- **RECORDED INFORMATION**:
★ ★ ★ ★ ★ ★ ★

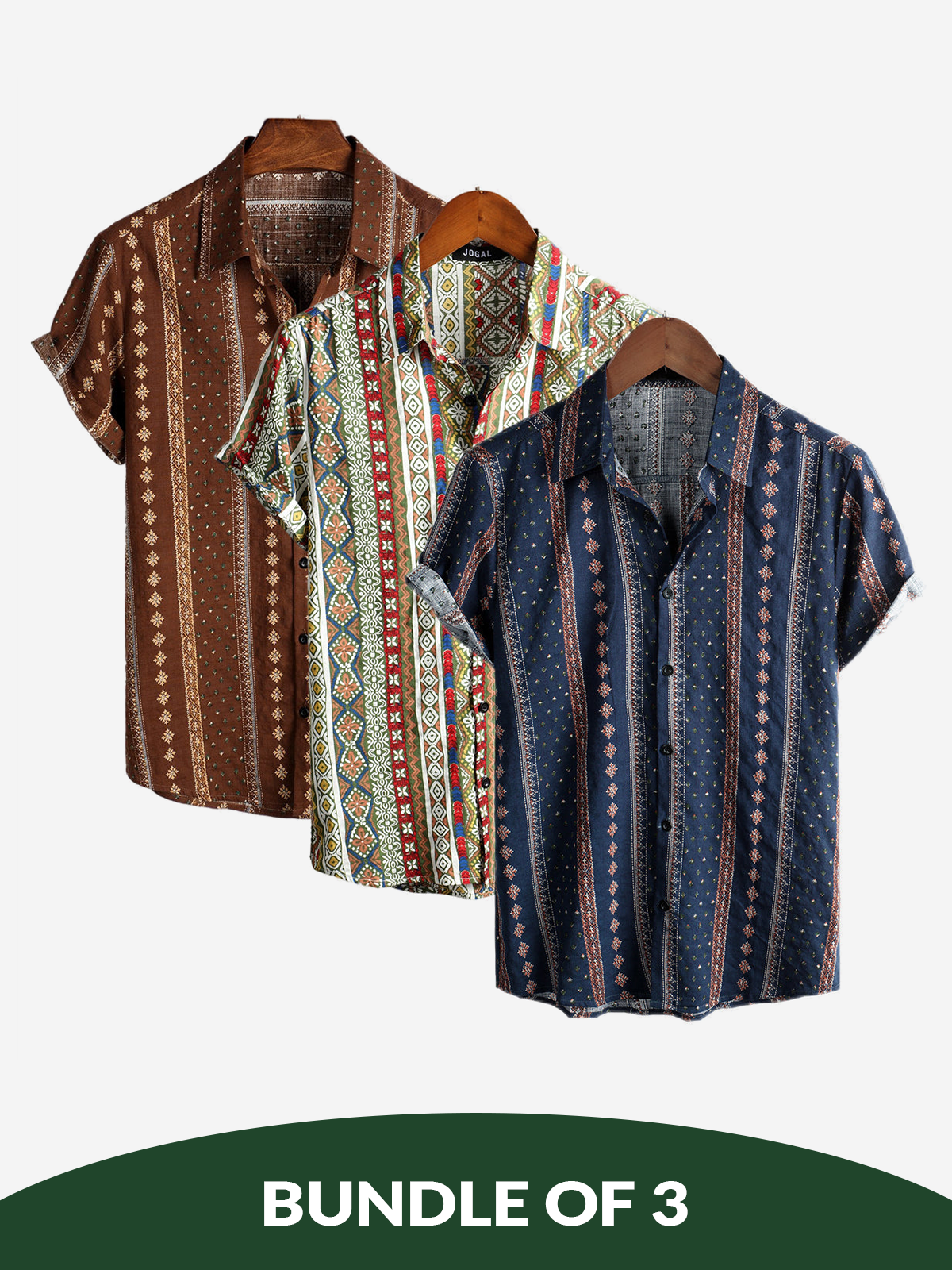 Bundle Of 3 | Men's Breathable Retro Short Sleeve Cotton Shirts
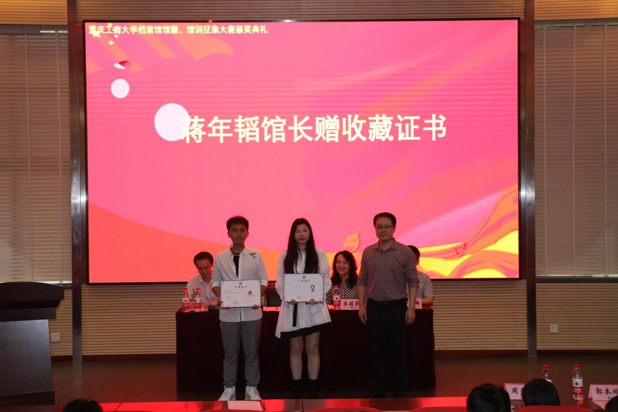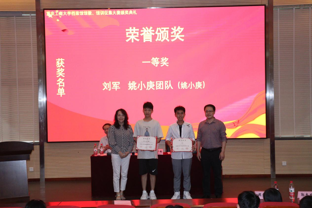 5月20日中午,由我校档案馆、艺术学院、创新创业学院共同举办的JINNIAN金年会档案馆馆徽、馆训征集大赛颁奖典礼在兰花湖片区报告厅成功举行。档案馆馆长蒋年韬、艺术学院党委书记李莉莎、档案馆副馆长郭楠、艺术学院专职组织委员冉涛、教务处副处长胡卫军、艺术学院学工办主任郭本玲、档案馆办公室主任周雪玉以及获奖学生和创享设计师团队的同学参加了此次颁奖典礼。
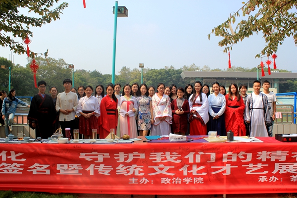 文化兴国运兴,文化强民族强。10月22日,在党的十九大胜利召开的喜庆氛围里,政治学院以“亲近中华优秀传统文化,守护我们的精神家园”为主题,在校园北区大学生活动中心室外举办了弘扬优秀传统文化签名暨传统文化才艺展示活动。此次活动由政治学院硕士生导师赵美岚老师创意策划,政治学院全体研究生组织参与,并在PG电子麻将胡了2技巧-麻将胡了2规则大学生茶艺社、墨韵书法协会倾情协助下顺利开展。
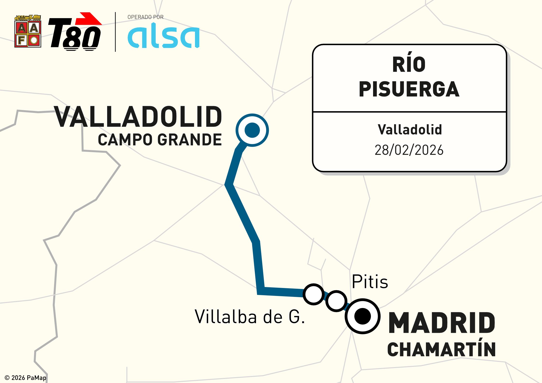 Como parte del adelanto del calendario de salidas en tren histórico para 2026, la Asociación de Amigos del Ferrocarril de Madrid, en colaboración con Alsa, tiene el placer de presentar la segunda propuesta de viaje a bordo del histórico “Tren de los 80” para este año. En esta ocasión, el recorrido nos llevará hasta las orillas del Pisuerga para visitar la ciudad de Valladolid.
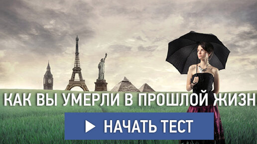 Реинкарнация души все еще остается загадочной и неизученной темой. Некоторые утверждают, что наш разум проживает далеко не одну жизнь, а некоторые это отрицают. Ну, что ж, а мы тем временем представляем, что несколько жизней - это не миф, и предполагаем, как вы могли окончить свое предыдущее существование! 1. Для начала назовите ваш пол, пожалуйста! Женский Мужской 2. Какой вы человек? Привлекательный Храбрый Лидер Брезгливый Спокойный Любопытный 3. Представьте, что вы получили хорошую премию на работе...
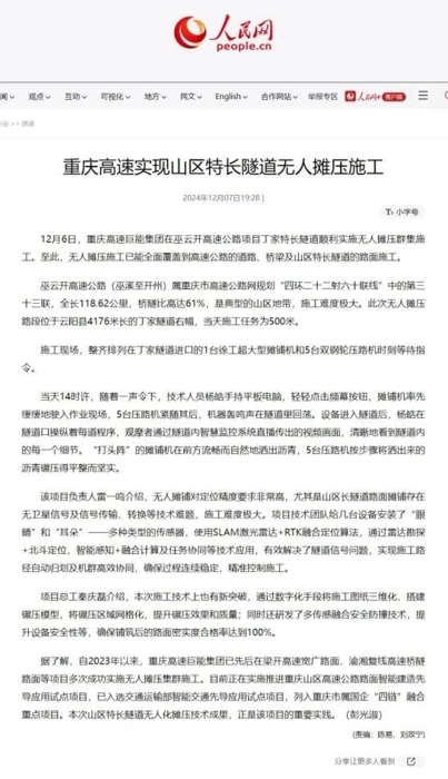 项目负责人介绍,“无人摊铺对定位精度要求非常高,尤其是山区长隧道中存在卫星信号弱等技术难题,施工难度极大。”
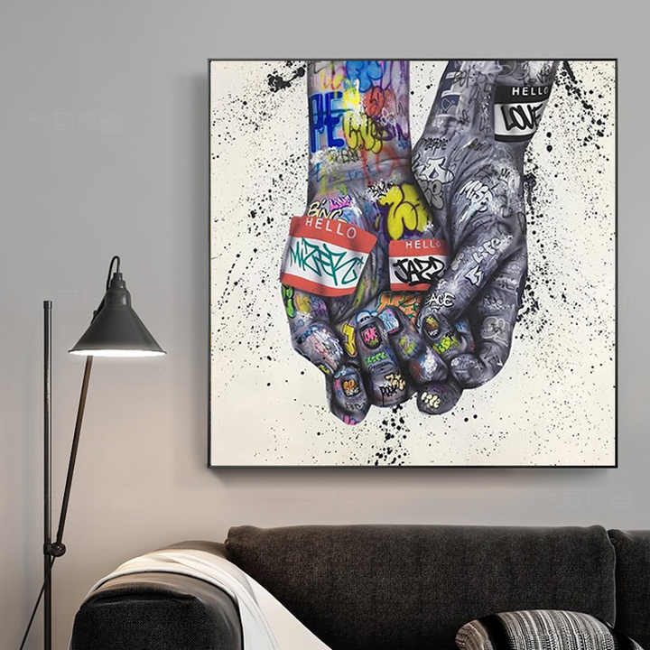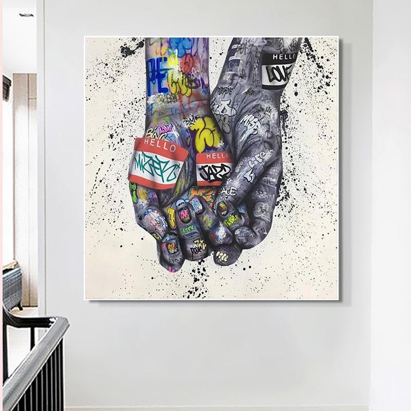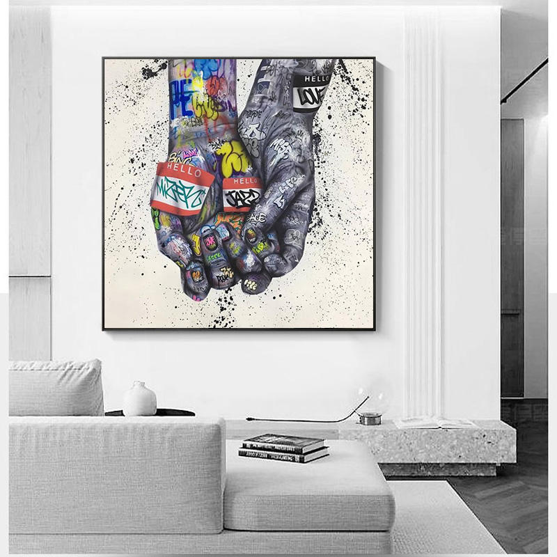 Arte Mural con Graffiti 'Vamos de Mano, Unímonos', Cuadros Motivacionales para Decoración del Hogar, Oficina o Habitación, Pintura en Lienzo

★ ★ ★ ★ ★ ★ ★

- **TASK GOAL**: Your copy should be the entries retyped exactly, with no images in it.

- **RESPONSE BELOW**:
 Bundle Of 3 | Men's Breathable Retro Short Sleeve Cotton Shirts
 5月20日中午,由我校档案馆、艺术学院、创新创业学院共同举办的JINNIAN金年会档案馆馆徽、馆训征集大赛颁奖典礼在兰花湖片区报告厅成功举行。档案馆馆长蒋年韬、艺术学院党委书记李莉莎、档案馆副馆长郭楠、艺术学院专职组织委员冉涛、教务处副处长胡卫军、艺术学院学工办主任郭本玲、档案馆办公室主任周雪玉以及获奖学生和创享设计师团队的同学参加了此次颁奖典礼。
 文化兴国运兴,文化强民族强。10月22日,在党的十九大胜利召开的喜庆氛围里,政治学院以“亲近中华优秀传统文化,守护我们的精神家园”为主题,在校园北区大学生活动中心室外举办了弘扬优秀传统文化签名暨传统文化才艺展示活动。此次活动由政治学院硕士生导师赵美岚老师创意策划,政治学院全体研究生组织参与,并在PG电子麻将胡了2技巧-麻将胡了2规则大学生茶艺社、墨韵书法协会倾情协助下顺利开展。
 Como parte del adelanto del calendario de salidas en tren histórico para 2026, la Asociación de Amigos del Ferrocarril de Madrid, en colaboración con Alsa, tiene el placer de presentar la segunda propuesta de viaje a bordo del histórico “Tren de los 80” para este año. En esta ocasión, el recorrido nos llevará hasta las orillas del Pisuerga para visitar la ciudad de Valladolid.
 Реинкарнация души все еще остается загадочной и неизученной темой. Некоторые утверждают, что наш разум проживает далеко не одну жизнь, а некоторые это отрицают. Ну, что ж, а мы тем временем представляем, что несколько жизней - это не миф, и предполагаем, как вы могли окончить свое предыдущее существование! 1. Для начала назовите ваш пол, пожалуйста! Женский Мужской 2. Какой вы человек? Привлекательный Храбрый Лидер Брезгливый Спокойный Любопытный 3. Представьте, что вы получили хорошую премию на работе...
 项目负责人介绍,“无人摊铺对定位精度要求非常高,尤其是山区长隧道中存在卫星信号弱等技术难题,施工难度极大。”
 Arte Mural con Graffiti 'Vamos de Mano, Unímonos', Cuadros Motivacionales para Decoración del Hogar, Oficina o Habitación, Pintura en Lienzo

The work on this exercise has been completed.